Выслушав меня, ходжа склонил голову, подумал немного и понял, что речь моя искренна, ибо он был не из таких, коим подобные вещи остаются сокровенны. «Ради тебя прощаю [их], — промолвил он, — но что у них есть, у отца и сына, придется отдать султану». Я поклонился, и он начал посылать Абдаллаха Парси, покуда вопрос не разрешился и от Хусейри не взяли обязательства [уплатить] триста тысяч динаров. Обоих отвели под стражу. Потом ходжа потребовал яств, вина и мутрибов, /169/ и мы принялись за дело. Когда мы выпили несколько чаш вина, я сказал: «Да будет долгой жизнь господина, [сегодня] счастливый день, и есть у меня еще одна неотложная просьба». — «Проси, — промолвил [ходжа], — получишь добрый ответ». Я сказал: «Встретил я Бу-л-Фатха с бурдюком, — весьма безобразный конюх. Ежели нужно было его подвергнуть наказанию, [так он его уже] получил. У него большие заслуги перед господином, и султан его знает и по обыкновению эмира Махмуда взирает на него благожелательно, простил бы господин и его тоже по милости». — «Прощаю, — ответил [ходжа], — пусть позовут его!» Позвали. Он предстал в тех же лохмотьях, облобызал землю и, стоя, остановился. «Ну что, раскаялся молоть вздор?» — спросил [его] ходжа. «О господин, бурдюк и конюшня заставили меня раскаяться». Ходжа посмеялся и приказал отвести Бу-л-Фатха в баню и надеть на него одежду. Он [снова] явился и облобызал землю. [Ходжа] его посадил и велел принести яства. Бу-л-Фатх немного поел. Затем [ходжа] изволил дать ему толику вина, тот выпил. В довершение ходжа милостиво поговорил с ним и отослал домой. После этого мы выпили еще весьма много вина и разошлись. Бу-л-Фазл! Большой вельможа сей Ахмед, но явился он ради мщения. У меня сильное отвращение к тому, что он предпринимает. Во всяком случае у султана это для него не пройдет: султан не допустит, чтобы он извел его слуг. Не знаю, чем кончатся эти дела. Слова мои держи в тайне и ступай, приготовься отправиться к эмиру».

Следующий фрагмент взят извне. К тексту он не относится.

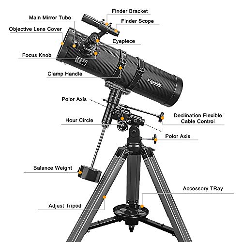 Details: Telescope, Polaris 130EQ Newtonian Professional Astronomical Reflector Telescope Comes with Cellphone Adapter with 1.5X Barlow Lens & 1.25-Inch 13 Percent Transmission Moon Filter
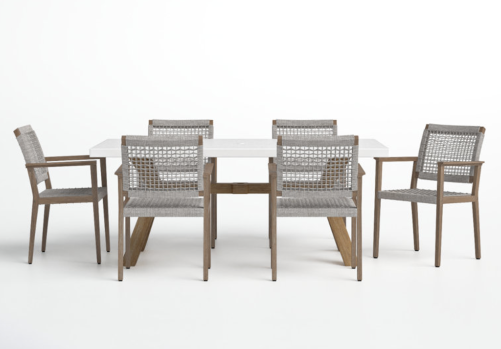 Thirdly, we have this stunning mid century modern outdoor dining set. This 7-piece dining set features a sustainable, plantation-grown eucalyptus hardwood table with an ivory composite top made of molded polyresin and powdered concrete for durability, complemented by handwoven nautical-grade rope chairs. This set might just be the world’s prettiest outdoor dining set, I am obsessed!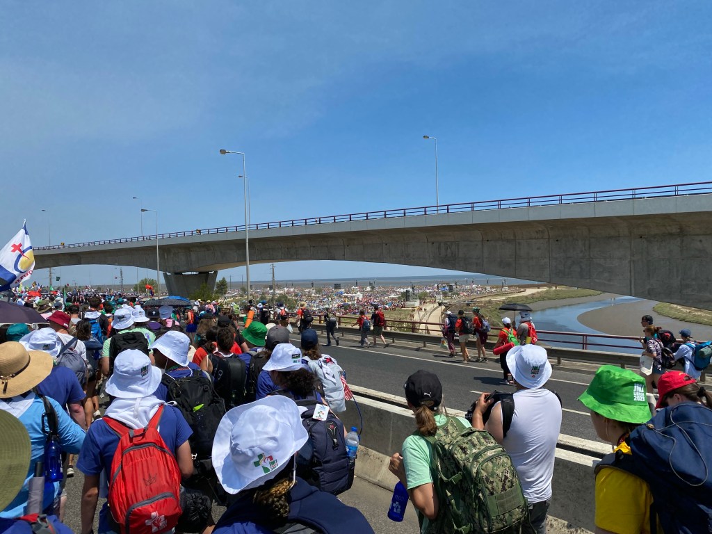 Hem caminat uns 13 km. Les meves sabates noves han estat una bona compra però quan Jesús va dir deixeu que els nens vinguin a mi, no ens ho deia nosaltres. Amb 47 tacos estem contents d’haver vingut i compartit moments difícils d’explicar, però amb la certesa que si es diu la jornada mundial de la juventut és perquè només ells son capaços d’aguantar el ritme que mereix. Ai la juventud!
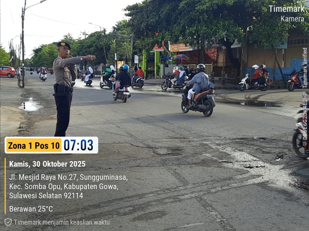 Dengan kehadiran polisi di lapangan, diharapkan situasi lalu lintas di Kabupaten Gowa tetap aman, tertib, dan terkendali setiap pagi.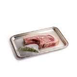 Raw Western Plain Pork Tomahawk (450g), complemented by rich bone marrow potato purée and market salad on the side.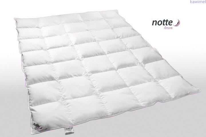 Kołdry Notte Amore zostały zaprojektowane i uszyte z miłości do spania. Odpowiednie dla osób wymagających precyzji w wykonaniu i komfortowej jakości użytkowania. Wypełnienie stanowi 90% puchu gęsiego, co gwarantuje odpowiednią izolację cieplną przy bardzo niskiej temperaturze. Kołdry pokryte są delikatnym batystem bawełnianym oraz wykończone białą bizą.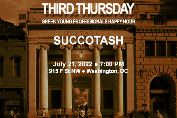 Join us on Thursday, July 21, 2022 starting at 7:00 PM as the Third Thursday Greek Young Professionals Happy Hour series visits Succotash in Washington, DC! Succotash is located in the historic Equitable Building which opened in 1912, housing the Equitable Co-Operative Building Association as well as such nightclubs as Fifth Column and Platinum. Succotash features a progressive perspective on classic Southern favorites, with James Beard Award winner, Chef Edward Lee, bringing his Korean roots and Southern repertoire to a soulful Southern menu. Their happy hour menu runs until 8:00 PM and features wine starting at $7, bottled and draft beers from $4-$6, and punches and sangria at $7-$8.

Я удалился, приготовился ехать и пришел обратно [к Бу Насру]. Он дал мне запечатанное письмо, я взял и направился к месту охоты. Приехал я туда незадолго до часа вечерней молитвы и нашел султана, пившего целый день вино и затем удалившегося в хергах и остазшегося наедине. Я понес письмо к [султанскому] денщику Агаджи, отдал ему и сел где-то возле сераперде. На рассвете явился ферраш и позвал меня. Я пошел. Агаджи ввел меня. Эмир находился на тахтираване[449] в хергахе. Я поклонился. «Передай Бу Насру: то, что он сделал насчет Хусейри — прекрасно. Вот, мы возвратимся в город и все, что нужно будет приказать, мы прикажем». Эмир сотворил утреннюю молитву и двинулся в город. Я погнал к городу побыстрей, /170/ чтобы увидеть моего наставника и, присутствуя при встрече, приветствовать великого ходжу вместе со всеми саларами и служилой знатью. Бу Наср видел меня, но ничего не сказал, и я встал на свое место. Показался значок и зонт султана; эмир сидел на коне. Собравшиеся двинулись вперед. Мой наставник подался ко мне и сделал знак, я подошел. «Что ты сделал? Что было?» — спросил он тихо. Я рассказал, как происходило. «Я так и знал», — промолвил он, и они тронулись. Подъехал эмир, [все] сели верхом. Ходжа находился справа от эмира, Бу Наср впереди, прочая свита и вельможи еще дальше впереди, чтобы не было никакой давки. Эмир все время разговаривал с ходжой, покуда не доехал до сада. «Что сделано с этим нахалом?» — спросил эмир. Ходжа ответил: «Пусть государь [сначала] счастливо расположится на месте, а [после] я извещу его через Бу Насра о том, что произошло и что надобно сделать». — «Ладно», — промолвил эмир, и они поехали дальше.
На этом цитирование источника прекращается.